● Directions for this task: Write out the records that follow exactly. Do not include pictures.

● Information shown:
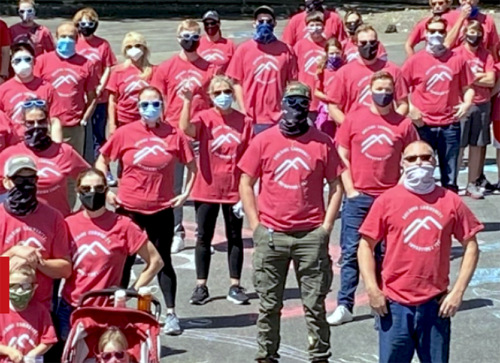 A sweatshirt that has seen much better days and a neck gaiter. The neck gaiter is from a company named Sequoyah Electric. Here is an employee photo from their website.
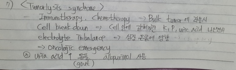 7번 문제, tumor lysis syndrome을 알고있어야 풀 수 있는 문제라고 생각할 수도 있다.
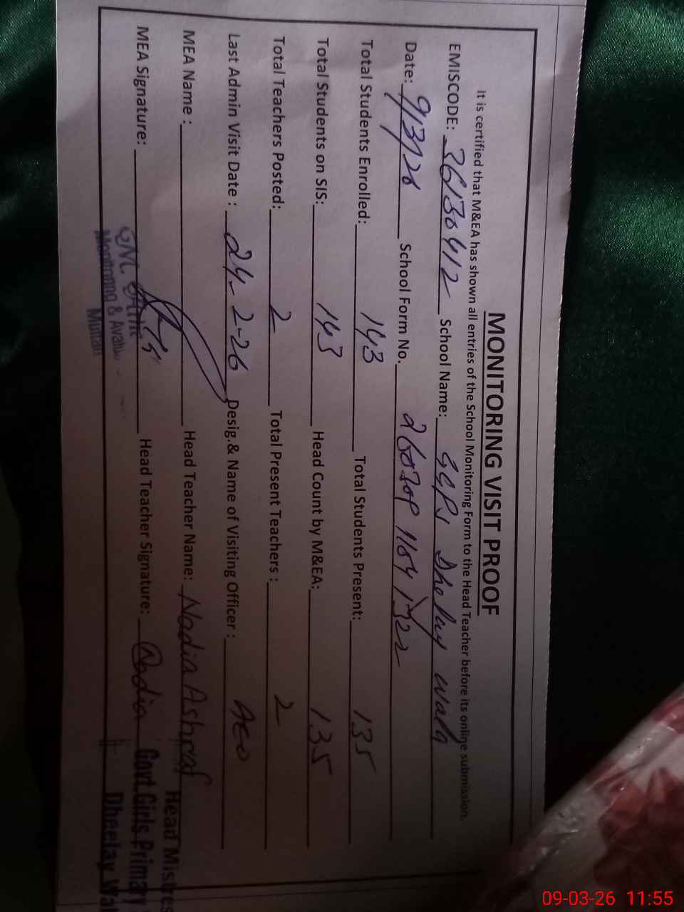| Attendance Register | Head Teacher | MEA with School | Visit Proof |
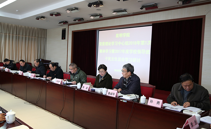 1月11日,学校党委理论学习中心组举行2018年第1次集体学习暨2017年度领导班子民主生活会学习研讨,进一步深入研学党的十九大精神、习近平新时代中国特色社会主义思想和《习近平谈治国理政》第二卷,传达学习习近平总书记1月5日在新进中央委员会的委员、候补委员和省部级主要领导干部学习贯彻习近平新时代中国特色社会主义思想和党的十九大精神研讨班开班式上的重要讲话精神,传达学习“加强和改进高校思想政治工作座谈会”精神。强调,坚持用习近平新时代中国特色社会主义思想武装头脑、指导实践、推动工作,把立德树人根本任务抓在手上扛在肩上,以永不懈怠的精神状态和一往无前的奋斗姿态,拥抱新时代、践行新思想、实现新作为。 学校党委书记陈永明主持会议并作总结讲话,学校党委委员、非中共党员校领导、副校级领导参加集体学习,学校各单位党、政主要负责人列席学习会。
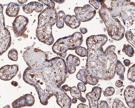 Immunohistochemical analysis of paraffin-embedded human placenta tissue using anti-Glucosidase 2 subunit beta antibody. The section was pre-treated using heat mediated antigen retrieval with Tris-EDTA buffer (pH 8.0-8.4) for 20 minutes.The tissues were blocked in 5% BSA for 30 minutes at room temperature, washed with ddH2O and PBS, and then probed with the primary antibody (HA720042, 1/50) for 30 minutes at room temperature. The detection was performed using an HRP conjugated compact polymer system. DAB was used as the chromogen. Tissues were counterstained with hematoxylin and mounted with DPX.
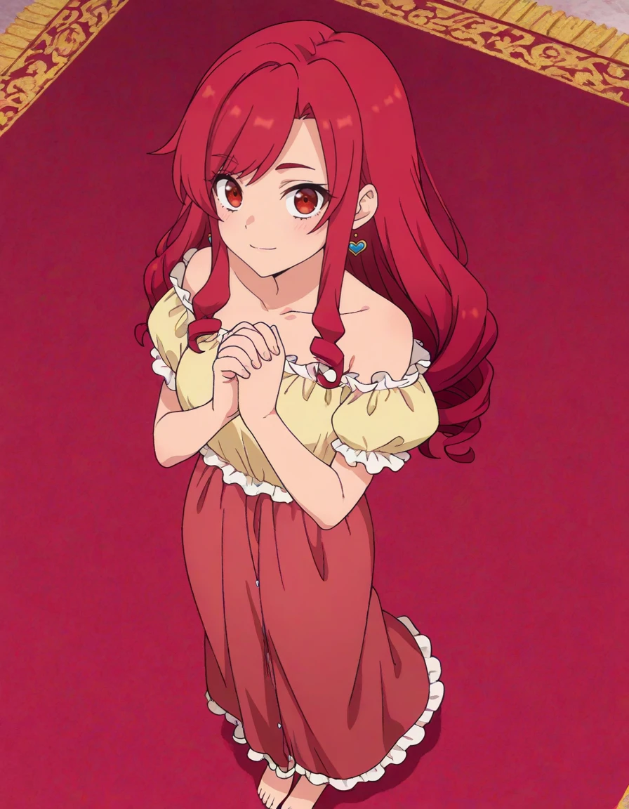 alternate hairstyle, straight hair, sleepwear, yellow off-shoulder shirt, frills, puffy sleeves, short sleeves, red skirt, long skirt

● Exercise response:
 A sweatshirt that has seen much better days and a neck gaiter. The neck gaiter is from a company named Sequoyah Electric. Here is an employee photo from their website.
 7번 문제, tumor lysis syndrome을 알고있어야 풀 수 있는 문제라고 생각할 수도 있다.
| Attendance Register | Head Teacher | MEA with School | Visit Proof |
 1月11日,学校党委理论学习中心组举行2018年第1次集体学习暨2017年度领导班子民主生活会学习研讨,进一步深入研学党的十九大精神、习近平新时代中国特色社会主义思想和《习近平谈治国理政》第二卷,传达学习习近平总书记1月5日在新进中央委员会的委员、候补委员和省部级主要领导干部学习贯彻习近平新时代中国特色社会主义思想和党的十九大精神研讨班开班式上的重要讲话精神,传达学习“加强和改进高校思想政治工作座谈会”精神。强调,坚持用习近平新时代中国特色社会主义思想武装头脑、指导实践、推动工作,把立德树人根本任务抓在手上扛在肩上,以永不懈怠的精神状态和一往无前的奋斗姿态,拥抱新时代、践行新思想、实现新作为。 学校党委书记陈永明主持会议并作总结讲话,学校党委委员、非中共党员校领导、副校级领导参加集体学习,学校各单位党、政主要负责人列席学习会。
 Immunohistochemical analysis of paraffin-embedded human placenta tissue using anti-Glucosidase 2 subunit beta antibody. The section was pre-treated using heat mediated antigen retrieval with Tris-EDTA buffer (pH 8.0-8.4) for 20 minutes.The tissues were blocked in 5% BSA for 30 minutes at room temperature, washed with ddH2O and PBS, and then probed with the primary antibody (HA720042, 1/50) for 30 minutes at room temperature. The detection was performed using an HRP conjugated compact polymer system. DAB was used as the chromogen. Tissues were counterstained with hematoxylin and mounted with DPX.
 alternate hairstyle, straight hair, sleepwear, yellow off-shoulder shirt, frills, puffy sleeves, short sleeves, red skirt, long skirt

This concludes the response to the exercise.